Despite its endless wandering into new sonic terrain, Long Time Coming is indelibly rooted in Ferrellʼs ravishing vocal presence, revealing her extraordinary ability to draw enormous feeling from just one single note. A lifelong singer, she got her start performing covers in a local bar at the young age of seven. “There was this little dead-end bar nearby that my mom and I would go hang out at during the day, and Iʼd get up and sing Shania Twain songs,” she recalls. “Thereʼd be hardly anyone in there, so Iʼd have free rein of the place.” Later on, while living in a trailer park, Ferrell had a chance encounter that would soon turn out to be life- changing. “I met all these homeless kids who were traveling all over the place and playing amazing old songs, and I wanted to be a part of that,” says Ferrell. “The music they were making was so honest, so pure. It seemed important to bring that kind of music back, and itʼs been with me ever since.” Though her years of traveling proved immensely formative, Ferrell eventually settled in Nashville in her late 20s. Soon after her arrival, she began taking the stage at major festivals like The Avett Brothers at the Beach, AmericanaFest, and Out on The Weekend and touring with the likes of Parker Millsap and Charley Crockett, immediately captivating crowds with her joyful and spirited live set.

A consummate musicianʼs musician, Ferrell found an easy camaraderie with the many luminaries who accompanied her on Long Time Coming.
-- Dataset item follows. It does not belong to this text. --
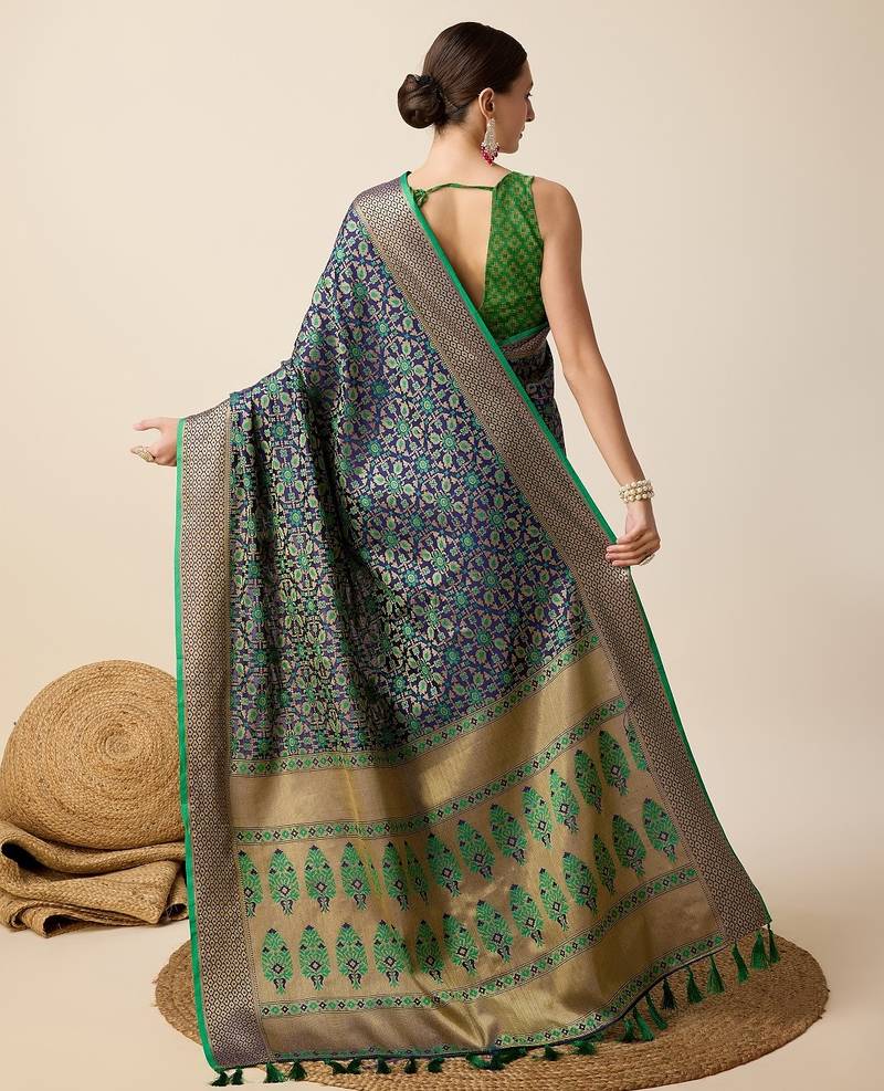 Navy blue woven self design embellished pure silk banarasi saree with blouse

To that end, her most cherished moments in the albumʼs production include the recording of the soul-stirring choir-like harmonies of “West Virginia Waltz,” as well as Rory Hoffmanʼs impromptu whistling on “Bells of Every Chapel.” (“Roryʼs got one heck of a whistle on him,” she marvels). At the same time, the making of Long Time Coming fully affirmed her affinity for lifers like Strings. “Billyʼs in it for the music, which is something we have in common,” she says. “Weʼre just gonna keep playing till weʼre not on this Earth anymore.”

While the wayward sound of Long Time Coming is in many ways a perfect echo of Ferrellʼs free-spirited nature, thereʼs also a much deeper intention at play: a desire to expand her listenersʼ capacity for wonder, so that they might uncover some enchantment in their own lives. “A lot of us are taught to wake up, go to work, make money, eat, sleep, rinse, repeat,” says Ferrell. “Itʼs so easy to get caught up in that nine-to-five routine, and end up numb and dulled-down to everything. I want my music to help people break away from that — to get lost in their imagination, and start seeing how magical the world can be if you just pay attention.”